Bug #1018
closedCrash while trying to print debug info
0%
Description
The attached trace, recorded with LTTng-UST, crashes babeltrace (b1d10d85a8fce649045532003b2ddae8d98e47a1, today's master).
I think that the bug is uncovered by a very particular sequence of events and cpu migration.
First, we have this event:
[18:02:40.873741190] (+0.000004995) simark lttng_ust_statedump:end: { cpu_id = 1 }, { vpid = 29015, ip = 0x7FC6FDF98867, debug_info = { bin = "liblttng-ust.so.0.0.0+0x35867", func = "trace_end_cb+0x86" } }, { }
This event is not handled in a special way in debug_info_handle_event, so babeltrace calls register_event_debug_infos on it. The "debug_info_src" field of the definition of the _ip field gets assigned to some valid value, pointing to a valid struct debug_info_source. That happens on CPU 1, which is important here because there is a single "struct definition_integer" for the _ip field for the whole CPU 1 file.
Then, the program execs, so a new statedump is started. When that happens, babeltrace scraps all the cached debug_info_source, because the mappings are no longer valid. However, the debug_info_src field of the _ip field of CPU1 is still set, so it becomes a dangling pointer. No
The very next event on CPU 1 is a dlopen one. Note that because it is handled in a special way in debug_info_handle_event, register_event_debug_infos is not called on it, so the value of debug_info_src is not set (it still points to the now freed debug_info_src of the first event). When babeltrace tries to print it, it crashes.

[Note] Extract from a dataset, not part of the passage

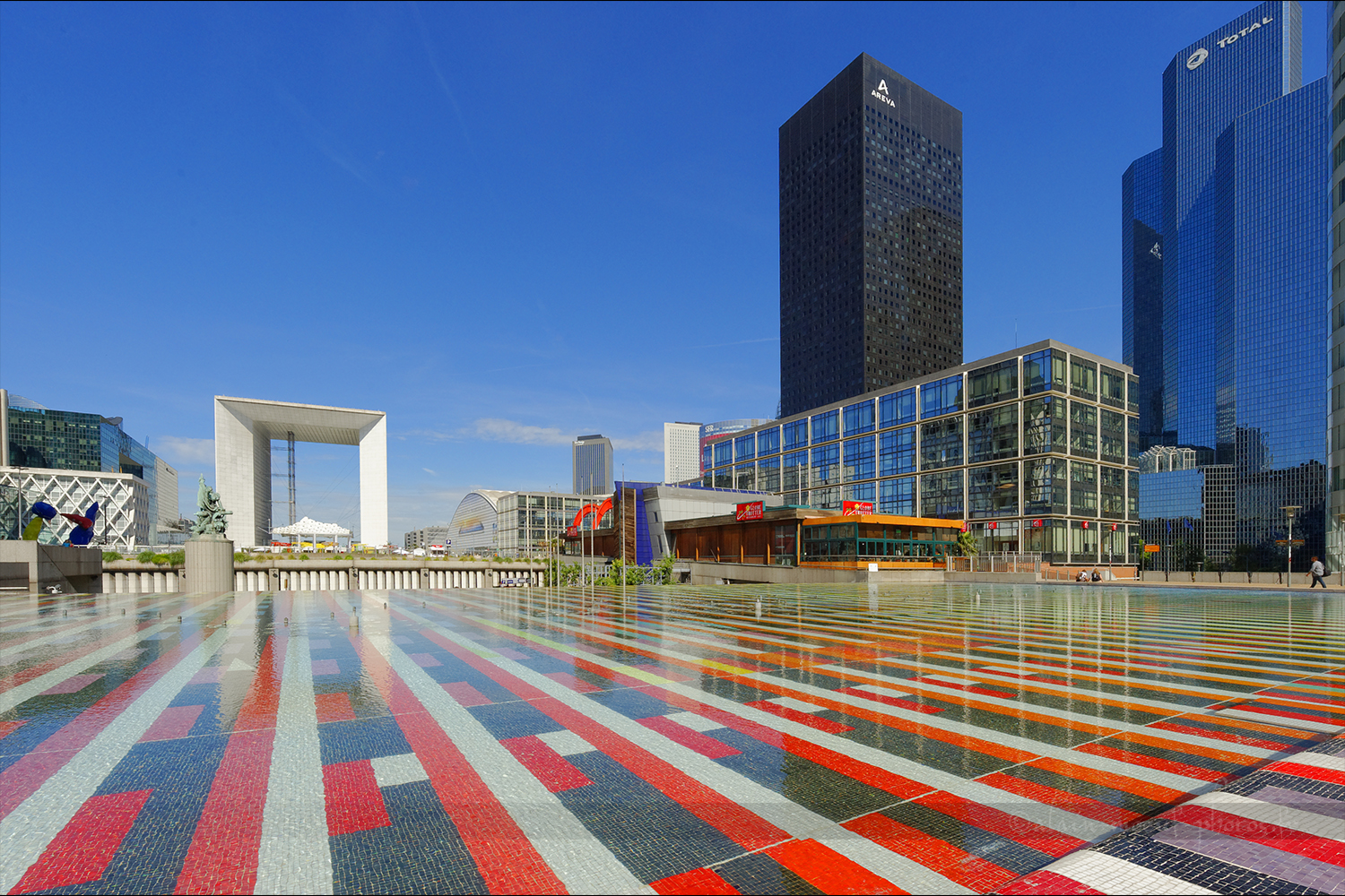 La Fontaine Agam est située vers le milieu de l'esplanade de la Défense (Paris)
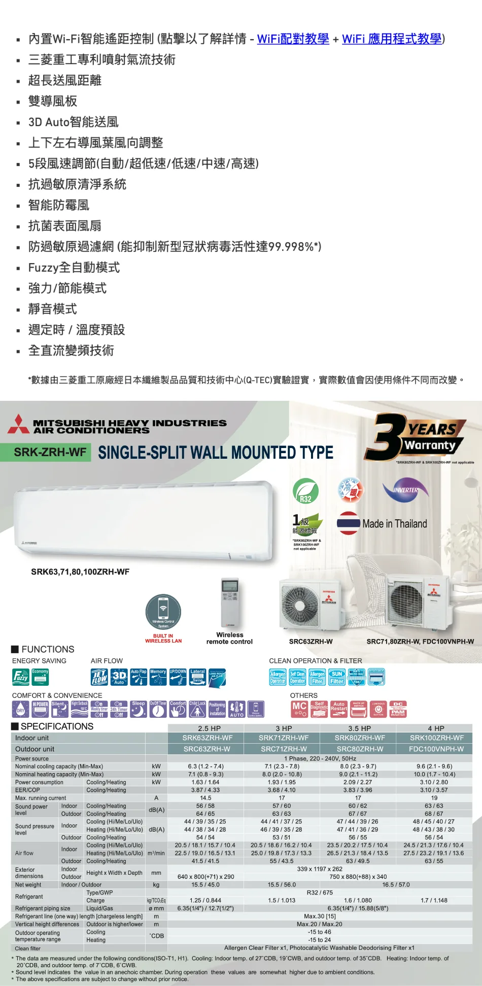 Mitsubishi Heavy 三菱重工 2.5匹 R32 變頻冷暖掛牆分體式冷氣機 (內置Wi-Fi) SRK63ZRH-WF

One solution I see is to call register_event_debug_infos on all events (see patch attached). dlopen and other "special" events all have source location we could resolve, so I don't see why we wouldn't call it for them. Otherwise, we would at least need to clear debug_info_src when it's a special event.
Files
Updated by Simon Marchi almost 8 years ago
Here's a way to generate a trace that reproduces the problem with higher probability:
$ lttng create && lttng enable-event -u -a && lttng add-context -t vpid -t ip -u && lttng start $ LD_PRELOAD=liblttng-ust.so:liblttng-ust-dl.so /usr/bin/env LOL=1 /usr/bin/env LOL=1 /usr/bin/env LOL=1 /usr/bin/env LOL=1 /usr/bin/env LOL=1 /usr/bin/env LOL=1 /usr/bin/env LOL=1 /usr/bin/env LOL=1 /usr/bin/env LOL=1 /usr/bin/env LOL=1 /usr/bin/env LOL=1 /usr/bin/env LOL=1 /usr/bin/env LOL=1 /usr/bin/env LOL=1 /usr/bin/env LOL=1 /usr/bin/env LOL=1 /usr/bin/env LOL=1 /usr/bin/env LOL=1 /usr/bin/env LOL=1 /usr/bin/env LOL=1 /usr/bin/env LOL=1 /usr/bin/env LOL=1 /usr/bin/env LOL=1 /usr/bin/env LOL=1 /usr/bin/env LOL=1 /usr/bin/env LOL=1 /usr/bin/env LOL=1 /usr/bin/env LOL=1 /usr/bin/env LOL=1 /usr/bin/env LOL=1 /usr/bin/env LOL=1 /usr/bin/env LOL=1 /usr/bin/env LOL=1 /usr/bin/env LOL=1 /usr/bin/env LOL=1 /usr/bin/env LOL=1 /usr/bin/env LOL=1 /usr/bin/env LOL=1 /usr/bin/env LOL=1 /usr/bin/env LOL=1 /usr/bin/env LOL=1 /usr/bin/env LOL=1 /usr/bin/env LOL=1 /usr/bin/env LOL=1 ls $ lttng stop $ lttng view
With that many statedump for the same pid, there is a good chance that the problematic situation will happen. I took a few traces like this and it crashed babeltrace every time.
Updated by Jonathan Rajotte Julien about 4 years ago
- Status changed from New to Invalid
State of babeltrace moved a lot since.
Closing this ticket as invalid. Reopen it if it stills apply to Babeltrace 2.